Nilai kepemimpinan, dalam SWK ini objek kritiknya adalah para penguasa saat itu. Dalam
kritikan tersebut disampaikan akan perilaku yang ditunjukan oleh para pemimpin
yang menyimpang dan tidak mencerminkan keteladanan sebagai seorang pemimpin
yang mengayomi dan mensejahterakan rakyatnya. Selain mengkritisi sikap dan
perilaku para pemimpin juga memberikan gambaran akan pemimpin yang seharusnya.
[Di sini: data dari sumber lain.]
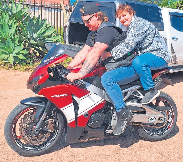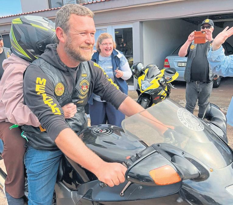 Benj Truter, Megaforce Weskus se klubpresident, geniet die oomblik om Cora Kotze van Huis Wittekruin op sy motorfiets te laat ry.

Terdapat dalam pupuh sinom bait 6.
“aywa dumèh wong awirya |
anak putune wong mukti | sanadyan mêngku nagara | aywa sumakeyan êdir | tan
nganggo dugi-dugi | sapa sira sapa ingsun | puniku bêbakalan | atêtombok kaki
nini | kang wus bêcik panggonane mèlu nyambat ||”
Artinya
:
jangan mentang-mentang menjadi orang berkuasa | anak cucunya serba
kecukupan | walaupun menguasai negara | jangan semena-mena | tidak menggunakan
perasaan | siapa kamu siapa saya | hal itu akan | menyusahkan kakek nenek |
yang sudah baik tempatnya pun ikut mengeluh ||
4.
Nilai keberanian dan kejujuran tercermin dari
posisi YosodipuroII sebagai salah satu orang pemerintah dalam artian disini
perananya sebagai pujangga keraton maka beliau merupakan orang dalam
pemerintahan saat itu. Namun beliau berani melakukan kritikan tersebut secara
jujur apa adanya sesuai dengan penilainya ketika itu. Salah satunya terdapat
langsung pada pupuh sinom bait
pertama :
“watêke
wicara kêras | sumuking pangucap wêngis | iku nangèkakên napas | setane nuli
kêkinthil | yèn ujar ririh manis | nora tangi napasipun | ayêm sarta santosa |
setane lumayu ngênthir | pan wus kocap wong sabar ngunjara setan ||”
Artinya :
wataknya berbicara keras | ucapan yang terlontar bengis | itu
membangunkan nafas | setan lalu mengikuti | jika berucap pelan dan manis |
tidak terbangun nafasnya | tenang serta kuat | setannya berlari terbirit-birit
| jika sudah terbilang sabar memenjarakan setan ||
5.
Nilai cinta tanah air tercermin dari kritik yang
diberikan bukan untuk kepentingan tertentu, melainkan karena bentuk cnitanya
kepada keraton sendiri saat itu. Bertujuan untuk menyadarkan para penguasa.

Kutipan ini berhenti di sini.